Bij de aanbieding instappers valt op dat drie van de vier cluster op de variable recency een 1 scoren. Dit betekent dat het merendeel van de aanbieding instappers enige tijd geleden voor het laatst een aankoop hebben gedaan. Daarnaast is er een vierde cluster van een groep klanten die heel recent een aankoop gedaan hebben. De scores van de aanbieding instappers op de variable recency komen niet overeen met die van de reguliere instappers. Bij de reguliere instappers zijn er twee clusters die een hoge score noteren en twee clusters die een lage score noteren. Dit in tegenstelling tot de aanbieding instappers waar slechts bij één cluster hoog gescoord wordt. De gemiddelde recency score ligt bij de reguliere instappers iets hoger: 2.85 tegenover een gemiddelde van 2 bij aanbieding instappers. Dit betekent dat reguliere instappers recenter een aankoop gedaan hebben.
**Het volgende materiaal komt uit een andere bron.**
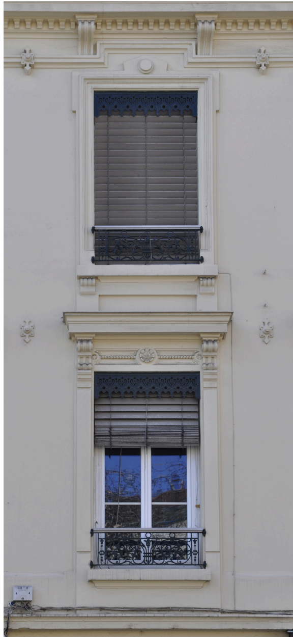
Elévation antérieure, détail d'une travée du 2ème étage

De aanbieding instappers scoren bij elk cluster vrij hoog op de variable monetary. Zij hebben een gemiddelde monetary score van 3.71. De reguliere instappers scoren in vergelijking met de aanbieding instappers slechter op de variable monetary en hebben een gemiddelde monetary score van 2.94. Dit betekent dat de aanbieding instappers in tegenstelling tot reguliere instappers meer geld uitgeven bij aankopen. Deze bevinding ondersteunt een eerder in dit onderzoek onderzochte hypothese waaruit blijkt dat aanbieding instappers een hogere totale aankoopwaarde vertegenwoordigen in vergelijking met reguliere instappers.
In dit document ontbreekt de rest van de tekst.